Author Archives: 46377

Navigating through e-learning

Reading Time: 4 minutes

E-learning or as some prefer to rebrand it – digital learning is a well-known category of solutions that fulfills the role of educating, using a computer in some way. Okay, we’ve got the definition covered, let’s move on.

So, as an owner of a company, or a manager, what should you know about it?

Why in the first place?

The simplest answer – ignoring all other whys – traditional courses are more expensive. You can send off an employee to a “MOOC” like Udemy to self-educate, for much cheaper than providing them with actual instructors. You give them access to courses, and everyone is happy, employees are growing, and you’re paying not much, right? This is partly what our university is doing, offering LinkedIn Learning rather than providing an insane amount of opt-in courses that would require massive scale to work.

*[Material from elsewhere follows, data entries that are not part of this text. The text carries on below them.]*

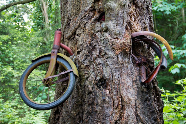My forester eyes say there's a bit of a volume deduction in that tree. It'll have to be long butted.How is this for an "other" category? Betcha didn't know that bicycles grow on trees! Just have to pick them right away when they ripen or the tree swallows them back up.
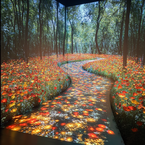 A photo of a video screen displaying a sunny nature trail, flowing music notes in the sunshine, the trail is lined with tiny red and yellow flowers, in the style of TrYYY augmented reality. --s 750
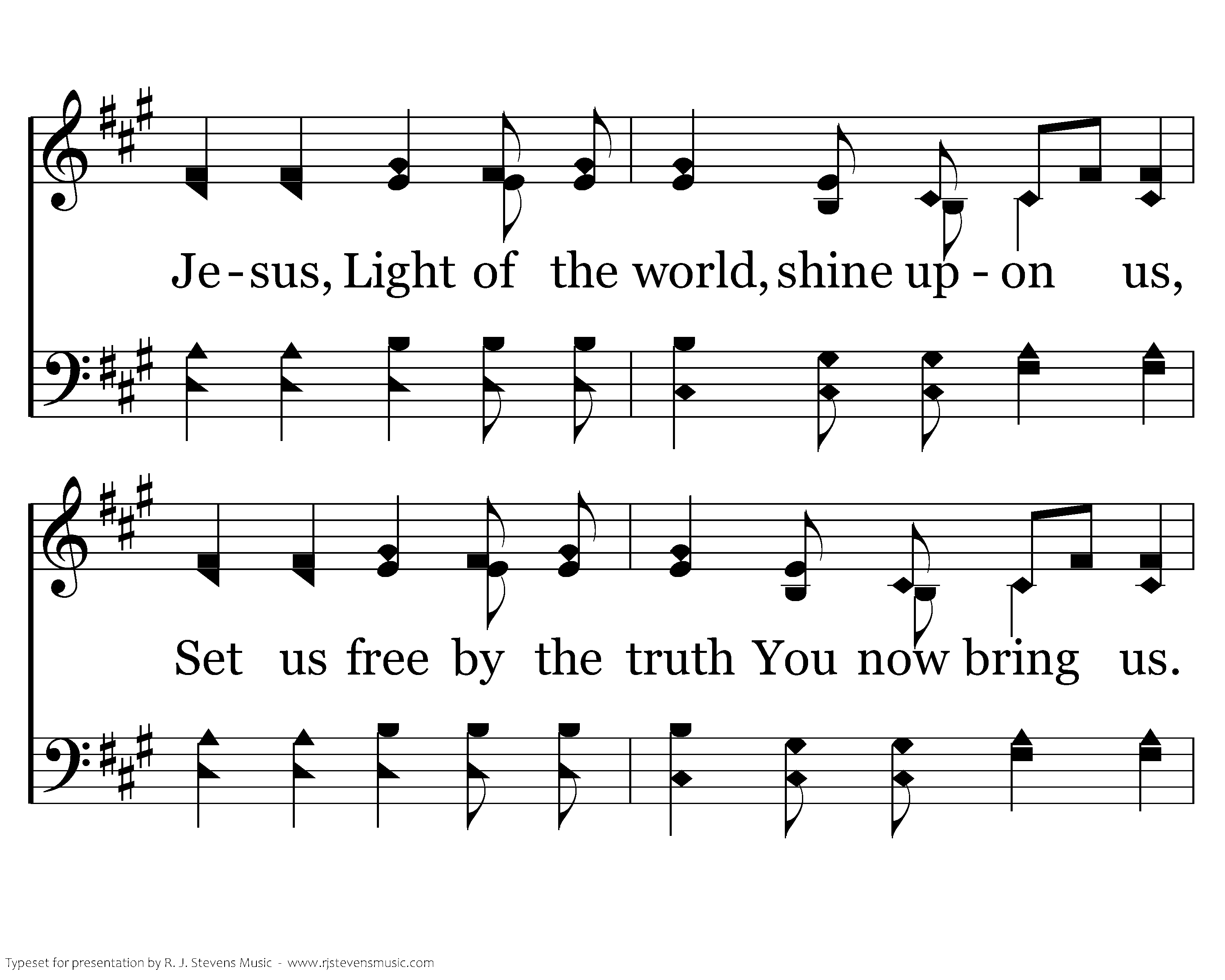 Lord, the light of Your love is shining In the midst of the darkness shining; Jesus, Light of the world, shine upon us, Set us free by the truth You now bring us. Shine on me, shine on me.
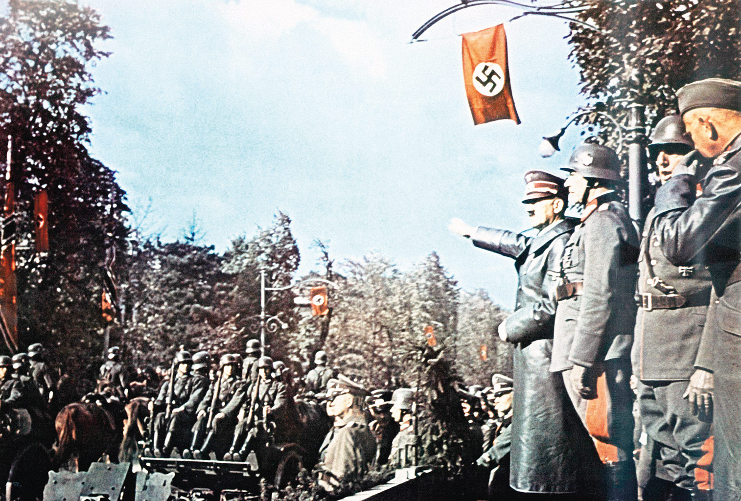 Tutaj, przy dźwiękach wojskowej orkiestry, Hitler w otoczeniu generałów patrzył dumnie na maszerujących w szeregach żołnierzy piechoty, kawalerii i artylerii. Po blisko dwóch godzinach, gdy defilada zbliżała się do końca, Hitler wsiadł do swego Mercedesa i całą kawalkadą pojazdów ruszył w kierunku placu Piłsudskiego. Pokonując Aleje Ujazdowskie i Nowy Świat, stał na miejscu pasażera z podniesioną w nazistowskim geście ręką.
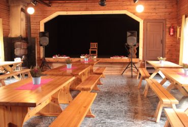 Talon isosta juhlasalista löytyy ruokailupaikat n. 100 henkilölle, esiintymislava, sekä erillinen kahvio.

But hold on, it’s not that easy. You’ve just paid for access to courses to your employees and they’re not touching them. It might be a problem with your organization, its culture, or it’s a problem with you.
For example – some corporations choose to opt-in for learning Fridays (aside from other fancy Friday options). The problem with that is the learning time often is 2pm, Friday. What a great time for learning! What about employees leaving the subscription running? Well, some employers choose to opt-in for co-financed courses. You’re learning English online, but you’re paying for half of it, so you’re not wasting our money. I’m not going to analyze whether it’s a good or a bad solution here.

Big brother

So, the problem you’ve probably now noticed is – accountability in e-learning. Lack of real human interaction, no external force (if you don’t impose some requirements on your employee) (by the way – gamification might be a fun way to boost some of your employee’s motivation), and lack of predefined learning time, makes it hard for people to be accountable with their learning goals. That’s why one of the more important functions you have in Learning Management Systems is reporting.

Learning Management what?

Learning Management System, credit: 360factors

Learning Management System is a kind of software that’s designed to manage all of learning. From delivery of courses – by a website/app to administration. One of the most popular platforms, particularly in the world of universities is Moodle. It’s free and open-source, and you just have to pay for extensions from the store. There’s also plenty of other cloud options, starting with Docebo, Blackboard, Easy LMS, 360 Learning, and so on… They provide powerful options for most corporate users. They are slightly less customizable, not that you need to customize that much, they are giant machines (with the exclusion of Easy LMS – its point is simplicity) with hundreds of options. That sounds great, however, when it comes to money, it’s not the best deal. If you’re to be stingy, 4-12$/employee is not the best deal, for something that’s not deeply customizable. That’s where custom made LMS’es come in. Okay, you’ve got the LMS, now what?

Courses.

Courses, you can create them by yourself, or buy them. Now, a lot of LMSes come already with a sizeable portfolio of pre-made courses. However, they’re not really made for you. You can choose to create your own courses, which can prove to be expensive. According to skilldlabs.com – it takes 80 to 280 hours to develop a 1-hour course. That’s why a lot of platforms put pressure on making course creation/prototyping as fast as possible. You don’t want to create and your LMS provider doesn’t have what you want? You can buy off-the-shelf courses. New LMSes are supposed to integrate with a multitude of platforms like OpenSesame. If you’re a dinosaur, you might want to use SCORM though. It’s an age-old technology, a static zip-file with JavaScript in it, that communicates with your server’s API. That way, you can place SCORM truly, anywhere. You can also make a course in SCORM then place it in almost any LMS.

But I don’t want to own!

Sure, then go with LinkedIn Learning, or if you work in IT – Pluralsight. It’s a great choice, though a bit pricey. But as they say – the true value of education is intangible.

Counting numbers

Okay, you’ve got your happy employees learning from your curated list of content. Now, here’s the tough part. Do they actually learn? What they learn makes you money? That’s where reporting comes in. What does it do? You can measure multiple things, starting from simple course completion, ending at the hardest measure of all – impact on performance in the organization. Even though a course is liked, and completed by many, is it valuable to the company? It’s a difficult question that can’t be easily answered with numbers, and often numbers will yield fallacious results – as there are too many variables.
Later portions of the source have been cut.